Gingrich impressed me a lot. He has really improved in my estimation to the point that I could happily vote for him without any heartburn. I didn't feel that way even a month ago. I still have a nagging doubt about whether he wants to lead or just wants to be liked, but I could still support him enthusiastically.

Cain has made many gaffes. I'll tell you why I don't think they're a problem yet -- because the public hasn't heard them and because they seem "inside baseball." For example, the suggestion that he doesn't know the difference between pro-life and pro-choice is so obviously a smear. That he doesn't know the term "right of return" isn't something the public knows either. Ditto on his Chinese mis-statement. So I don't see these as a problem. That said, he does need to start running a tighter "verbal" ship.

On the Coulter piece, I think her ultimate conclusion is fascinating: all of the allegations against Cain come from a small group of people who are all connected and all from Chicago and seem to have a connection to David Axelrod, who has done similar smears in every prior race.

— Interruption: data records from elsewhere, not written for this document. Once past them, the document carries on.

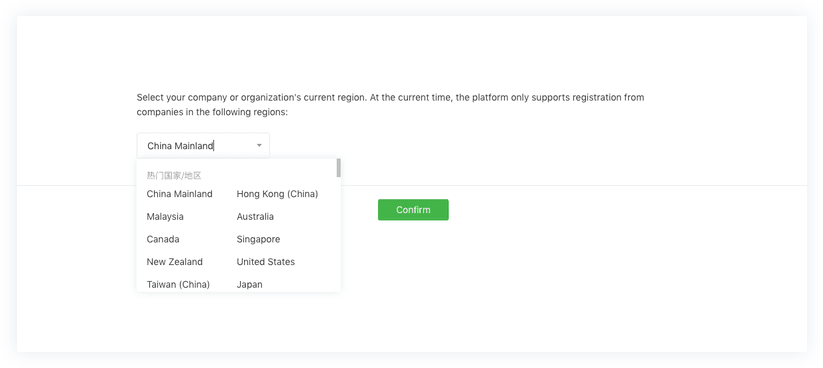 选择您公司注册的国家。如果您使用的是第三方本地许可证,请选择“中国大陆”。
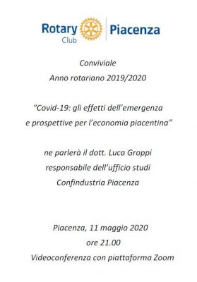 Lunedì 11 maggio, alle ore 21,00, si terrà una conviviale smart sulla piattaforma Zoom, cui parteciperanno i soci dei Club Rotary del Gruppo Piacentino ed eventuali loro ospiti.
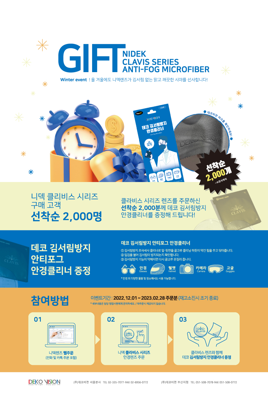 데코비젼(대표 주해돈)이 실내외 온도차로 인해 안경에 김서림이 방지하는 겨울철에 맞춰 안경클리너를 증정하는 이벤트를 이달 말까지 진행하고 있다. 데코비젼은 니덱렌즈 최고급 프리미엄 누진 라인인 '클라비스' 시리즈를 구매할 경우 안티포그 클리너를 제공, 고객 확보를 통한 안경원 비즈니스 향상을 위해 이벤트를 진행 중이다.
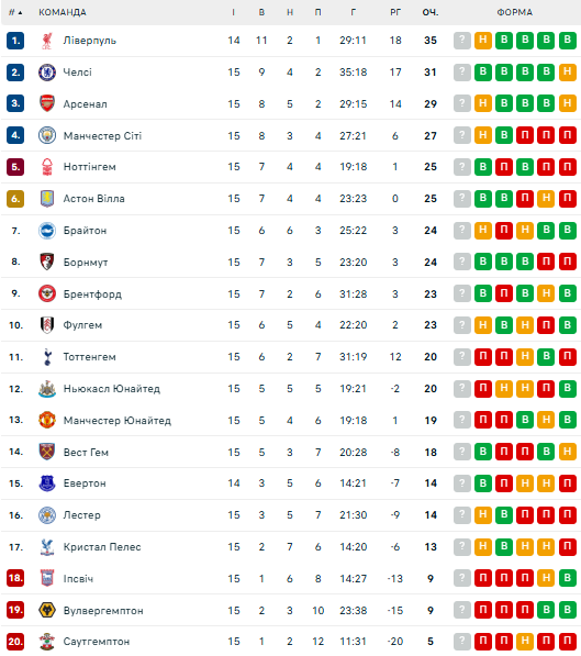 По итогам 15-го тура таблицу АПЛ возглавляет "Ливерпуль" (35 очков), который имеет матч в запасе. На втором месте находится "Челси" (31 балл). Третьим идет "Арсенал" (29 пунктов). Топ-4 замыкает "Манчестер Сити" (27 очков).
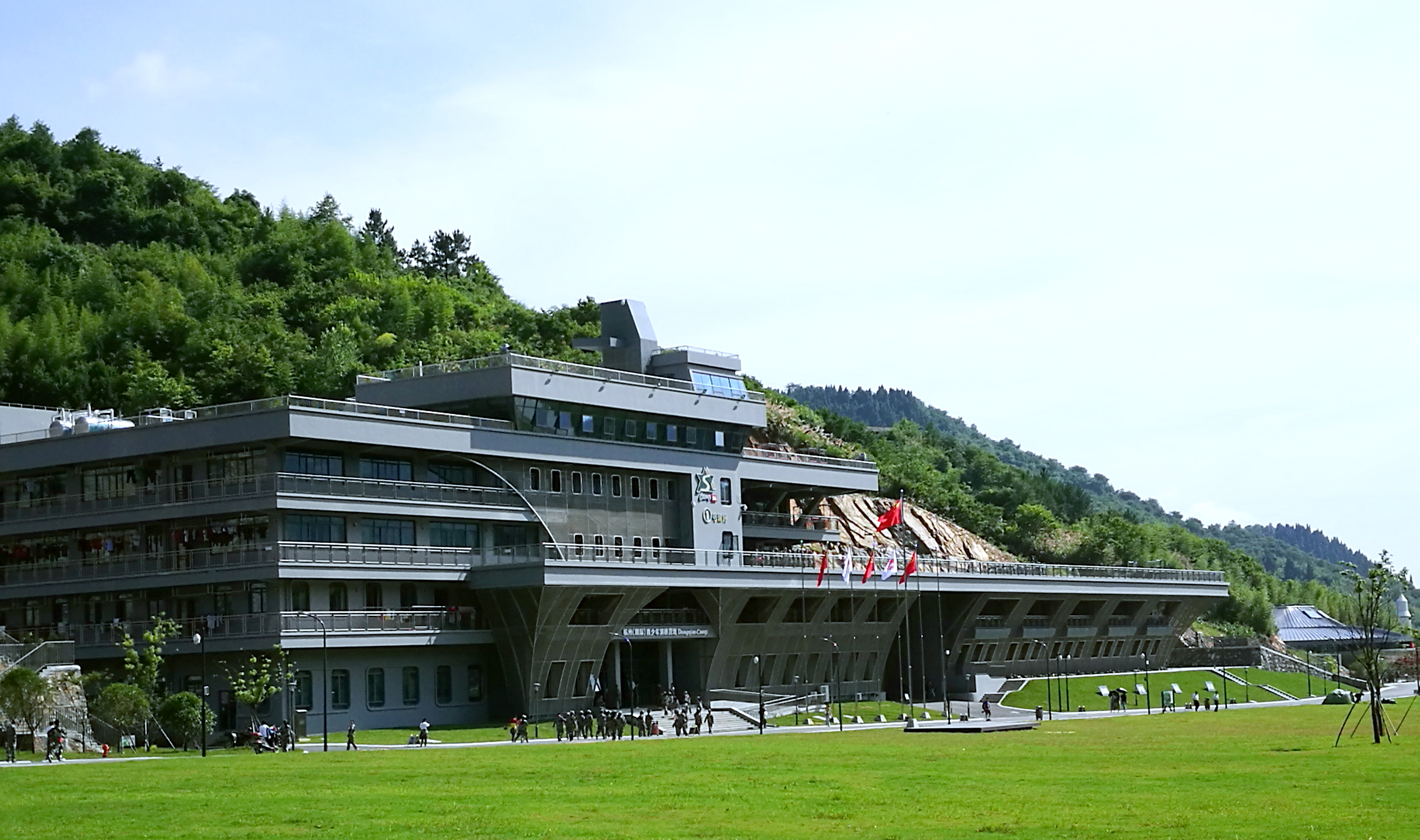 航母楼位于营地的中心区域,外形为一艘航空母舰,寓意面向未来的海洋时代。1层包含指挥中心、供应处、自主烹饪体验室、家庭实用电(水、木)工等综合体验室以及急救技能训练室等场所,其中,供应处提供自助购物和物品租赁等服务;2、3、4层为可容纳500余人的集体营房,在3层和4层之间巧妙地设置了可供营员体验的火灾模拟逃生装置。5层是营地集中办公区,也有供营员集体活动的多功能室,以及利用营房与山体建设的含激光模拟射击房。少年营房集吃、住、学、玩等为一体,为洞桥营地的核心建筑。
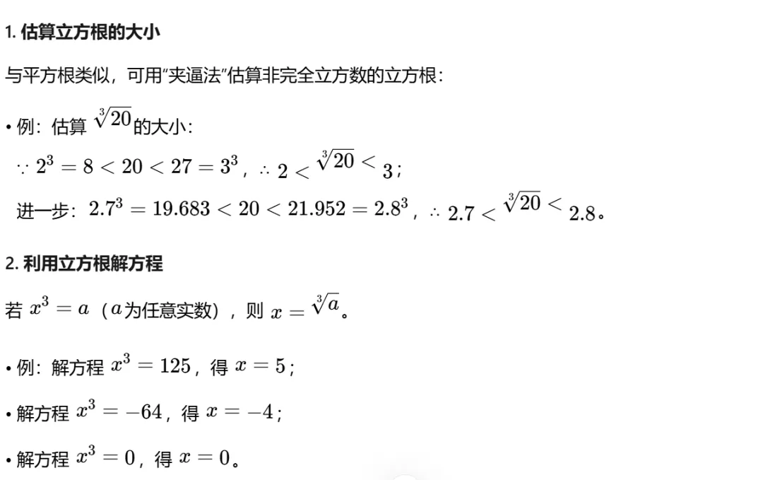 立方根:如果一个数 x的立方等于 a,即 x3=a,那么这个数 x叫做 a的立方根(也叫三次方根)。
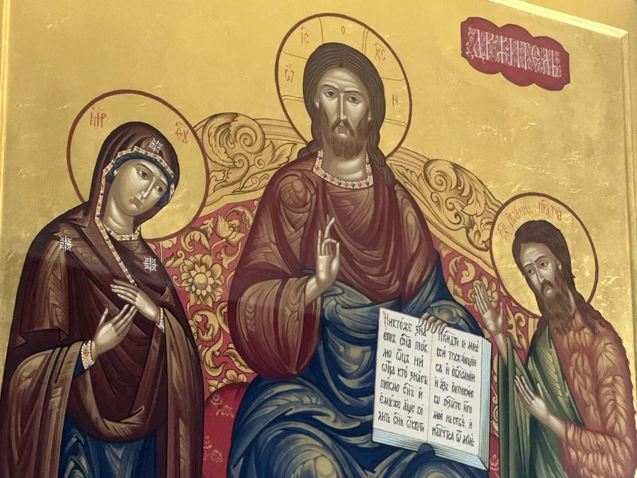 Взбранной Воеводе победительная, яко избавльшеся от злых, благодарственная восписуем Ти раби Твои, Богородице; но яко имущая державу непобедимую, от всяких нас бед свободи, да зовем Ти:
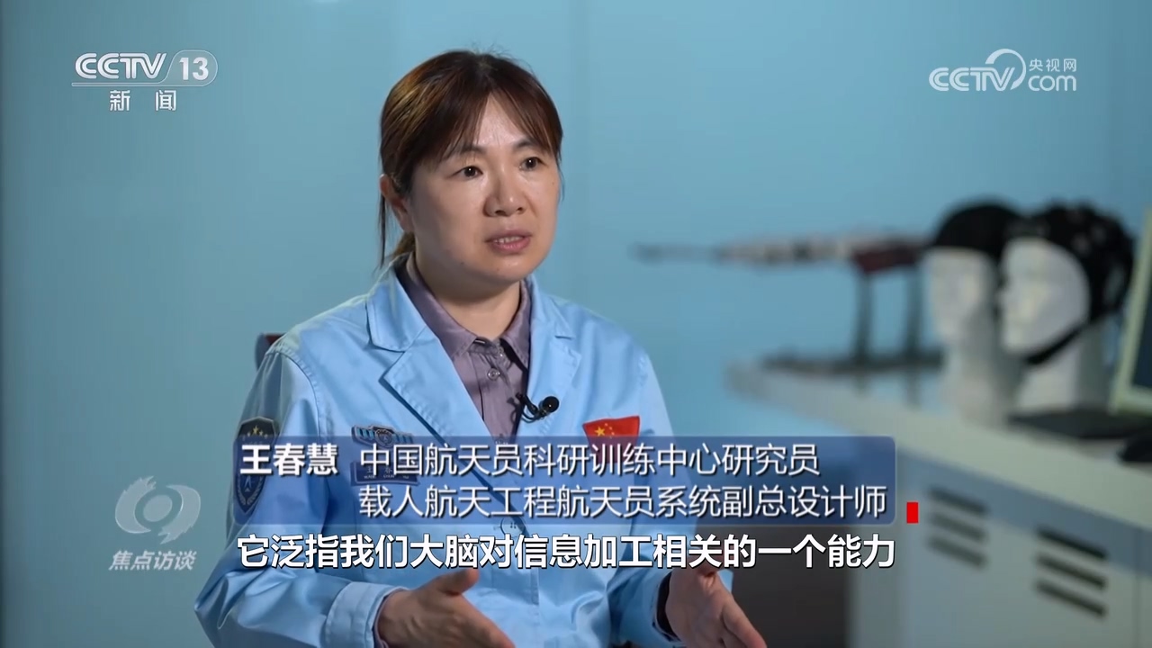 中国航天员科研训练中心研究员、载人航天工程航天员系统副总设计师王春慧:“我们通常说,认知能力泛指大脑对信息加工相关的能力,记忆、观察、决策等。航天员在天上完成的任何一件工作,都需要认知能力支持。”
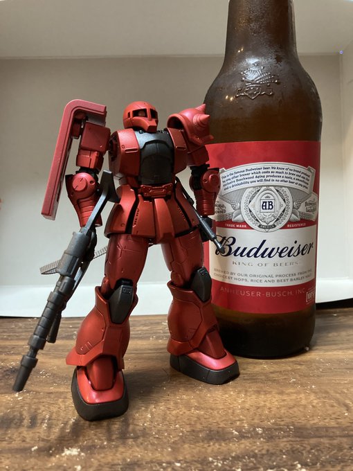 シャア専用旧ザク 艶消しキャンディで。下地にホワイトシルバーを使うとキレイ! #シャア専用ザクⅰ #シャアザク #ガンプラ #ガンプラ好きと繋がりたい #ガンプラの画像貼るとrtされると聞いて #バドワイザー
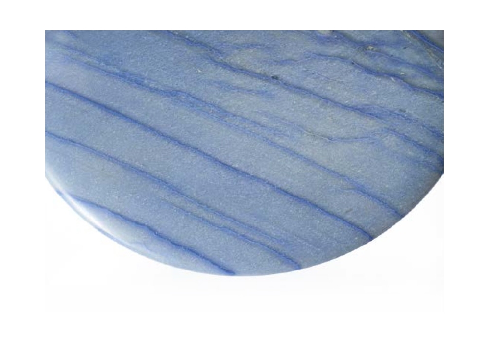 Papiro firmato da Patricia Urquiola per Budri è un tavolino realizzato in Azul Macauba, preziosa quarzite, estratta dalla cava
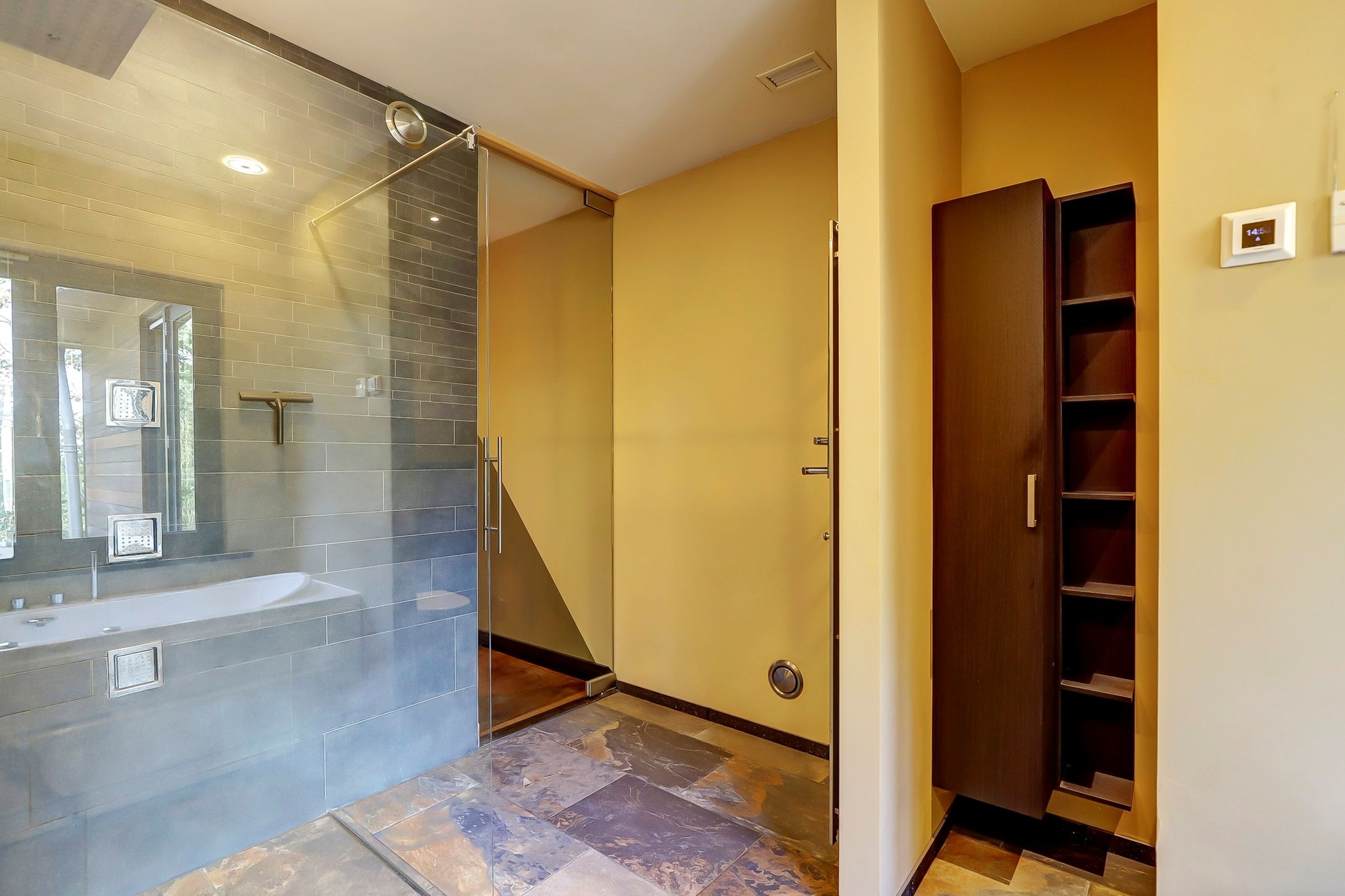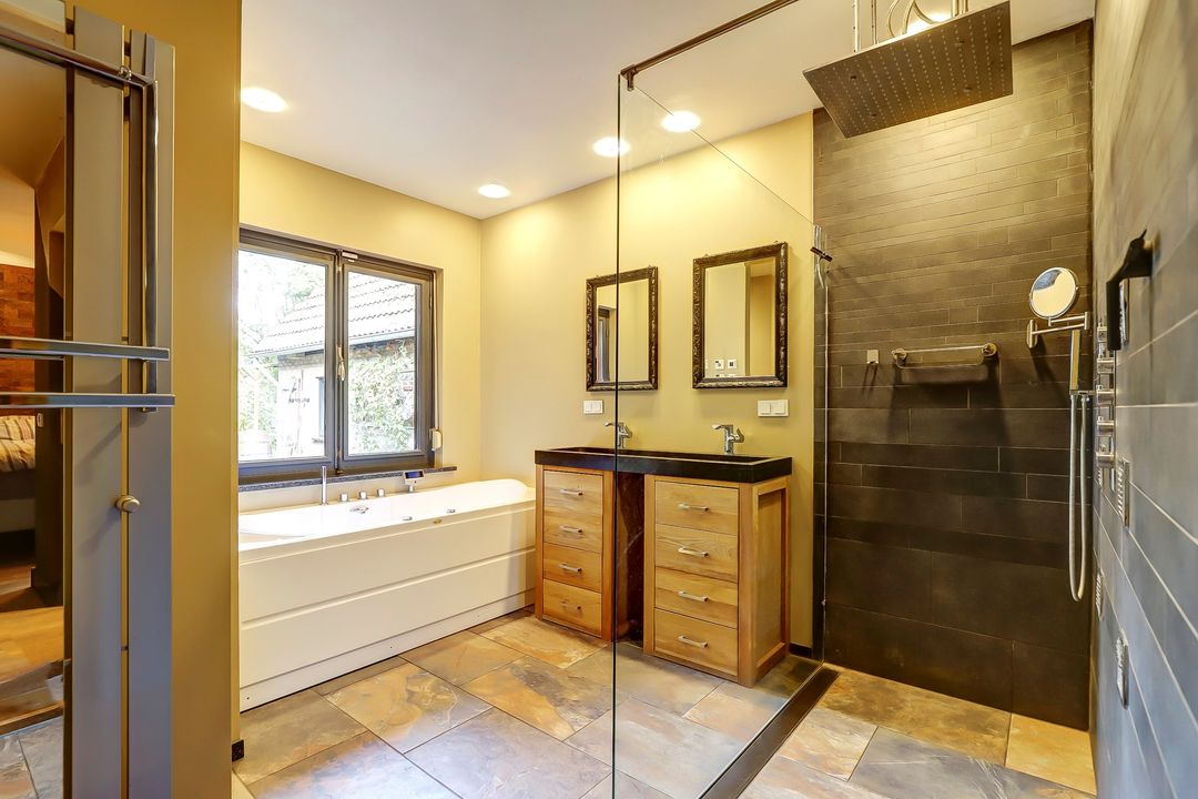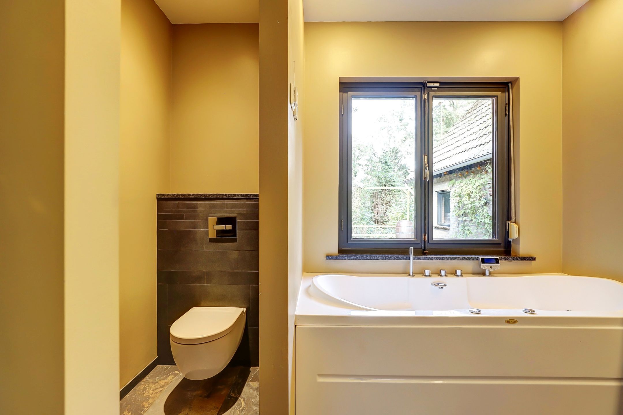 Deze badkamer heef een luxe inloopdouche met een extra grote regendouche met misteffect. In de zijwand zitten ook verschillende sproeistanden verwerkt maar hier moet even naar gekeken worden om het weer werkend te krijgen. Het ligbad is een whirlpool waarbij je ook nog de temperatuur in kunt stellen zodat het water lekker warm blijft, hoe lang je er ook in ligt! De dubbele wasbak is van zwarte graniet en beschikt over een opbergmeubel. Achter een muurtje bevindt zich nog een toilet. De badkamer is van het slaapgedeelte afgesloten door middel van een glazen deur.
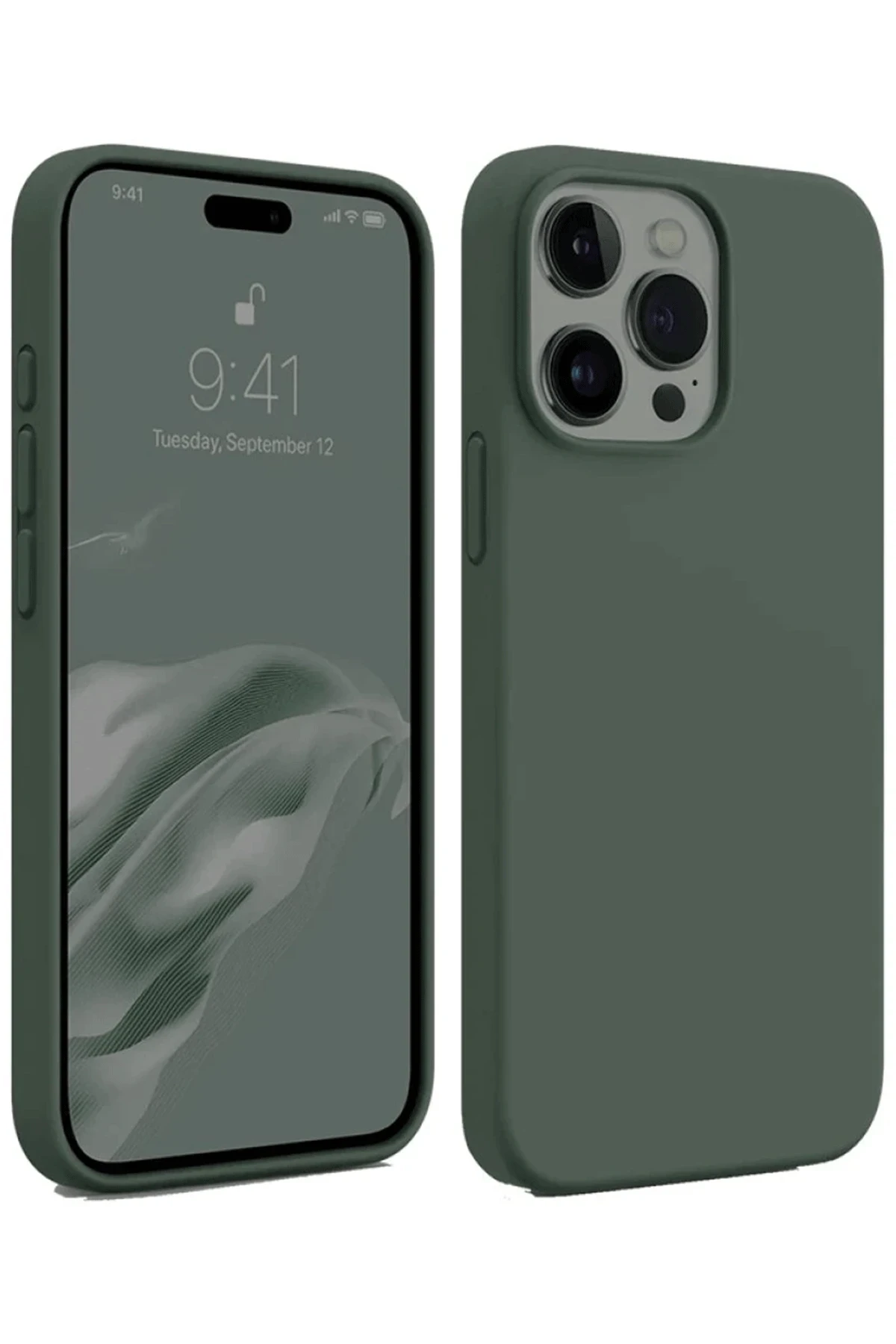 Newface iPhone 15 Pro Max Kılıf First Silikon – Koyu Yeşil
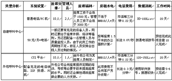 以上是以Telemarkering項目舉例,如需完成一萬條數(shù)據的外呼工作,自建呼叫中心與外包型呼叫中心的區(qū)別。以上數(shù)字只是提現(xiàn)在設備、人員效率等方面問題,另定期的人員培訓及相關系統(tǒng)的維護將是費用產生的一大因素。其實在項目的實施過程中發(fā)生的費用只是一部分,從公司的運營角度看是可以節(jié)省很大的精力(例如:人員招聘、培訓、福利待遇)及運營時間。
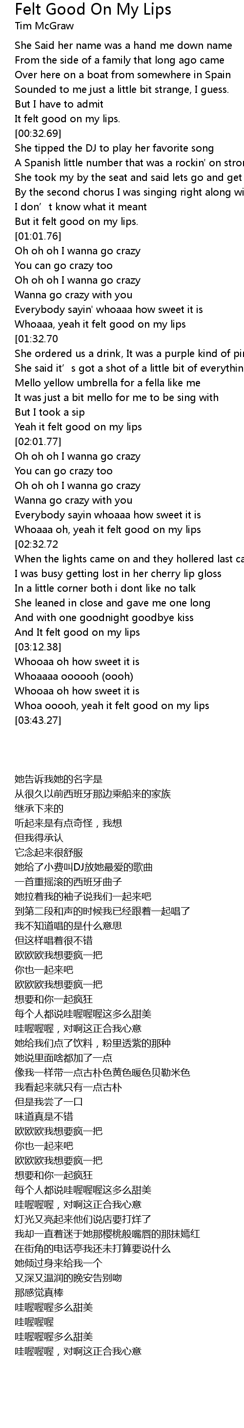 | [02:24.68] | Whoaaa oh, yeah it felt good on my lips |
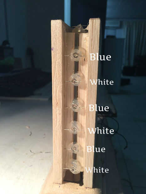 Cada lado del signo, excepto la parte inferior, conseguirá 6 LED. 3 blancos y 3 azules. Ver imágenes
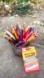 Approx. 51 Colored Pencils and 1 box of crayons. These are about 35 yrs. old and used but in good shape and they have a lot of good use left in them. Container in pic not included.

That's a very interesting observation.

tryanmax said...

Sorry, Andrew, but I know, or rather knew, the Huntsman supporter and he is not nice. He's the one who banned me from his website. Wha-wha-whaaa!

DUQ said...

Andrew, T-Rav, Tam, Joel and everyone, you all did a great job with the play by play, even if you had problems with the feed!


tryanmax said...

“My colleagues have done a terrific job of answering an absurd question!!” - Awesome!

Right up there with, “I am not going to exploit, for political purposes, my opponent's youth and inexperience.”

AndrewPrice said...

tryanmax, I'm sorry to hear that. You've burst my bubble. LOL!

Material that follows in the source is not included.